◆ **Records provided**

Content starts

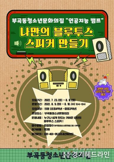 8월 9일부터 10일까지 2일간 운영하는 인공지능 캠프 ‘나만의 블루투스 스피커 만들기’는 부곡동청소년 문화의집 특화사업인 ‘모아메이커 랩’사업의 하나로, 청소년들이 과학·발명에 대해 쉽게 이해하고 창의적 사고능력을 증진시켜 창의융합인재로 성장을 돕기 위해 마련됐다.
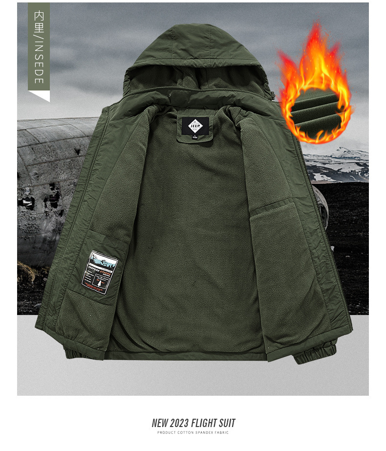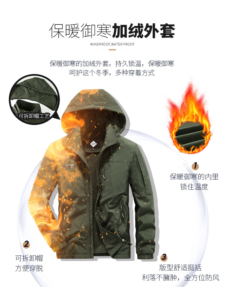 중년 및 젊은 남성을 위한 가을 겨울 코트, 멀티 포켓 워크 재킷, 벨벳 및 두꺼운 캐주얼 루즈 아웃도어 등산복
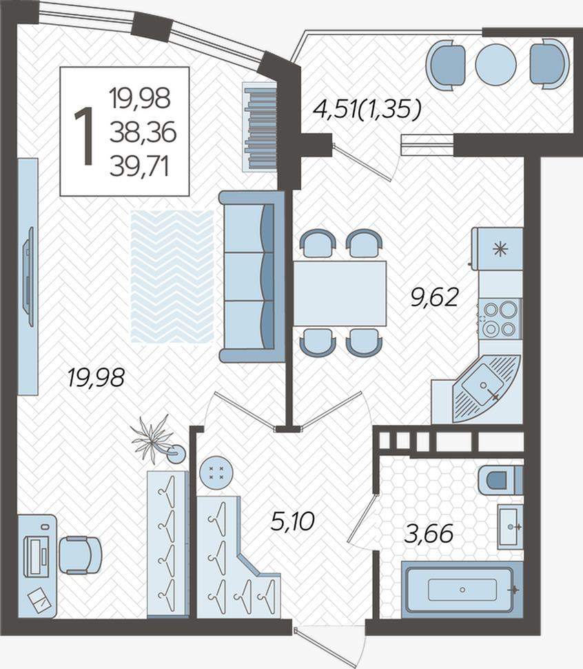 Продается однокомнатная новостройка, 41 кв.м., 7/16 эт
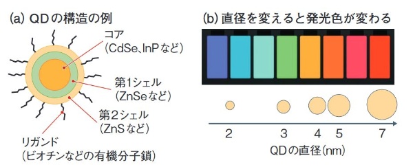図2 量子ドット(QD)のイメージと量子サイズ効果による発色の例
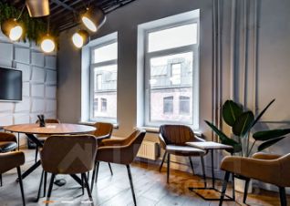 Описание помещения: Презентабельный офис, рассчитанный на 12 человек. Оснащен современной мебелью для комфортной работы - умными столами, удобными креслами, индивидуальными смарт-ключами.
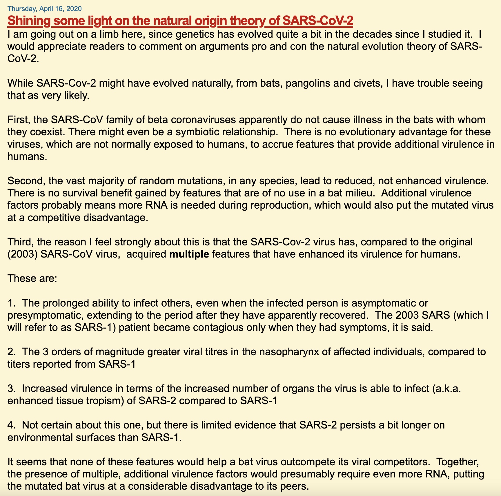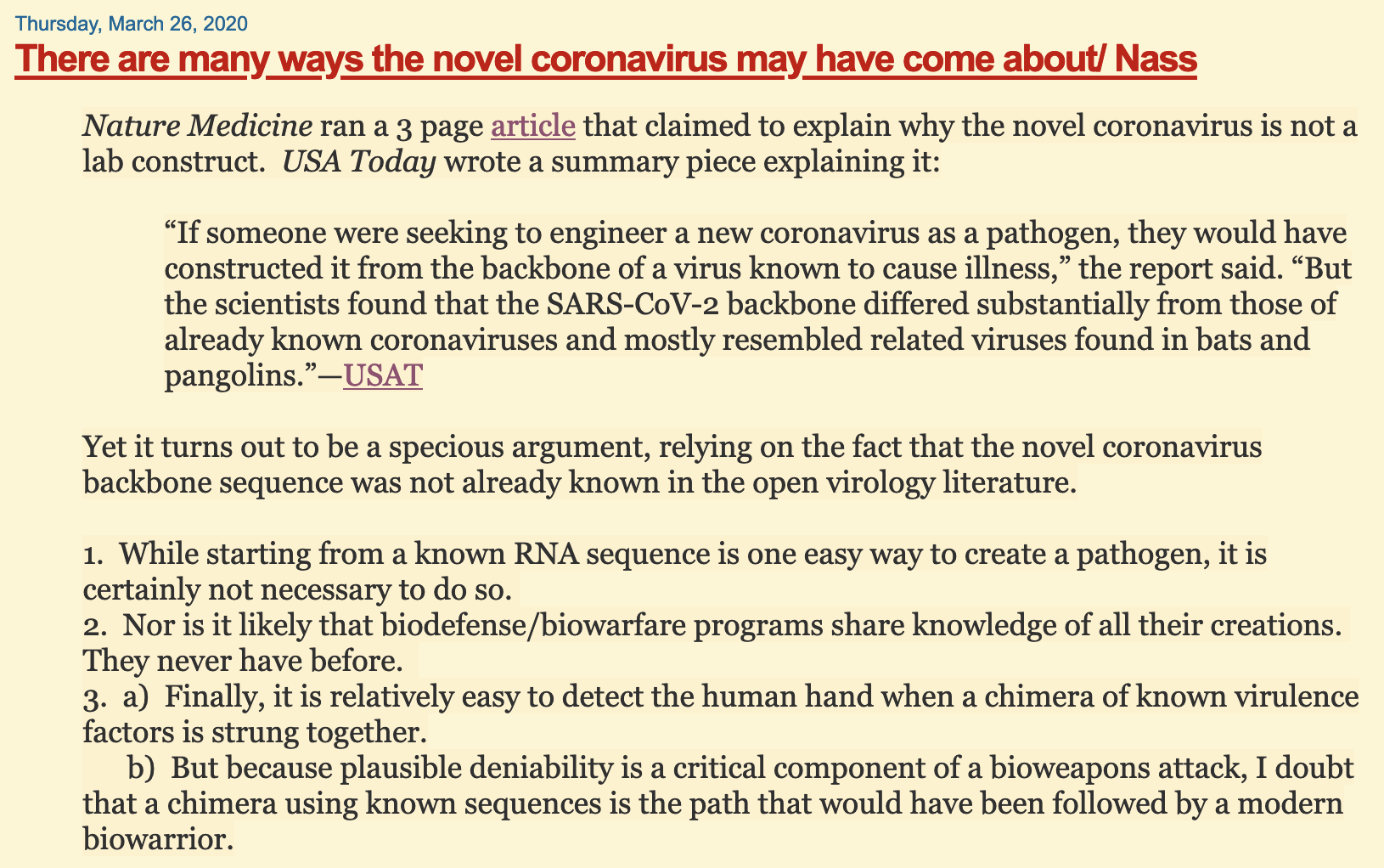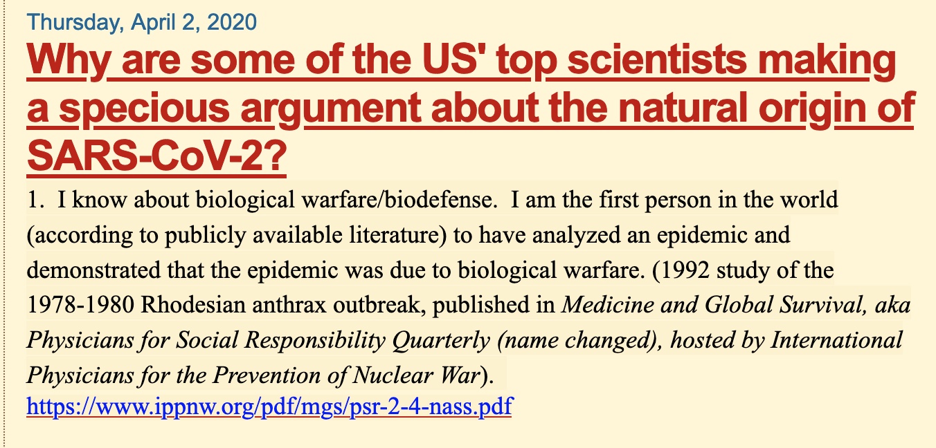 Below are five of my early articles on this subject. I just screenshot the beginning of each one, to show I was in fact the #2 person (after Dan Sirotkin) to publicly criticize the COVID Proximal Origins paper as bunk. (I was not aware of Dan’s work at the time) and I think JJ Couey told me about Dan.
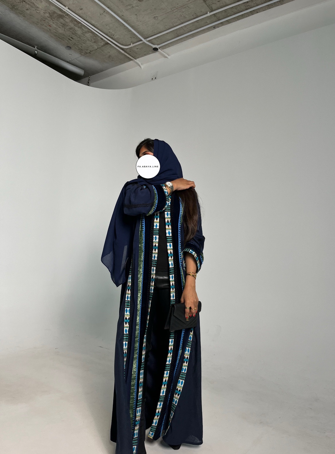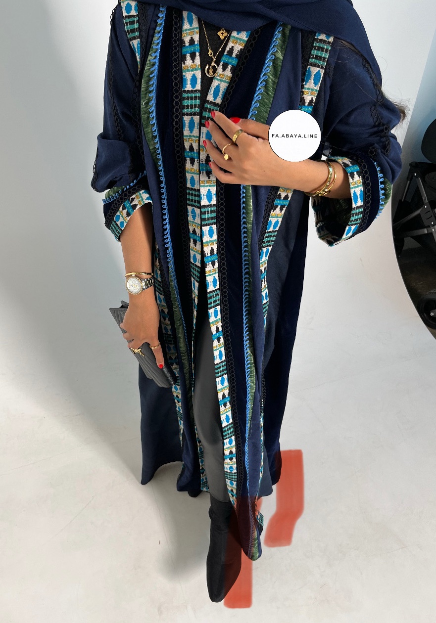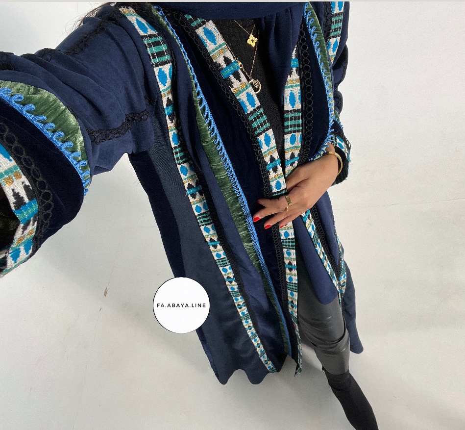 قماش العبايه لينن، القصه كلوش “تطريز باللون الأبيض مع هدب أسود
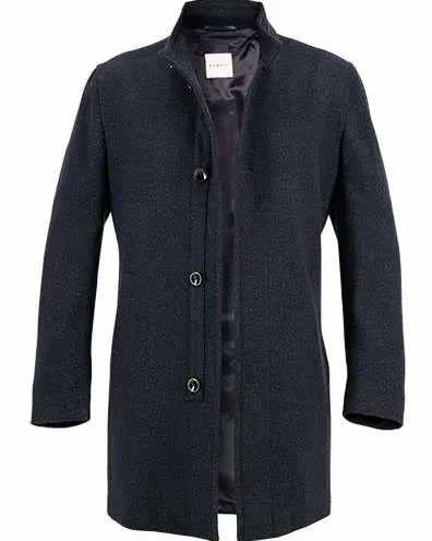 bugatti Herrkappa klassisk ullrock med ståkrage i en bekväm passform, marinblå, 98 Tall
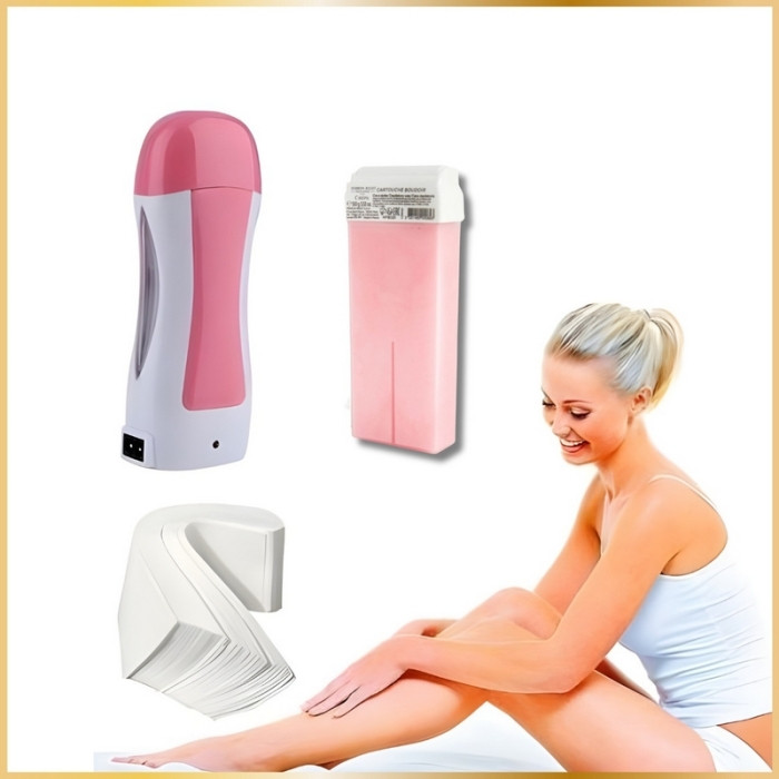 Kit Épilation Cire Rose Chauffe-Cire Électrique & Cartouche Roll Bright & Bandes
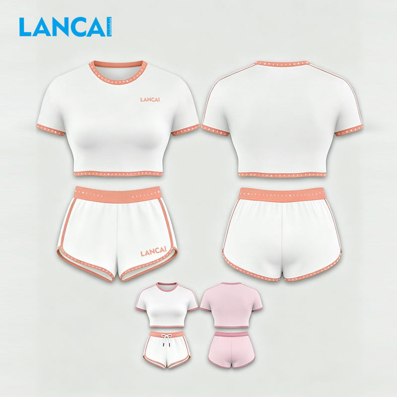Brand Style Design Manufacturers Custom Y2k Clothing Color Blocks Short Sleeve and Shorts Loungewear 2 Piece Set Women Summer

Content ends

◆ **What you are asked to do**
Lines from the one holding "bugatti Herrkappa klassisk" down to the last line of the entries above must be retyped exactly, inclusive of both, with no pictures and nothing else.

◆ **Exercise output**
 bugatti Herrkappa klassisk ullrock med ståkrage i en bekväm passform, marinblå, 98 Tall
 Kit Épilation Cire Rose Chauffe-Cire Électrique & Cartouche Roll Bright & Bandes
Brand Style Design Manufacturers Custom Y2k Clothing Color Blocks Short Sleeve and Shorts Loungewear 2 Piece Set Women Summer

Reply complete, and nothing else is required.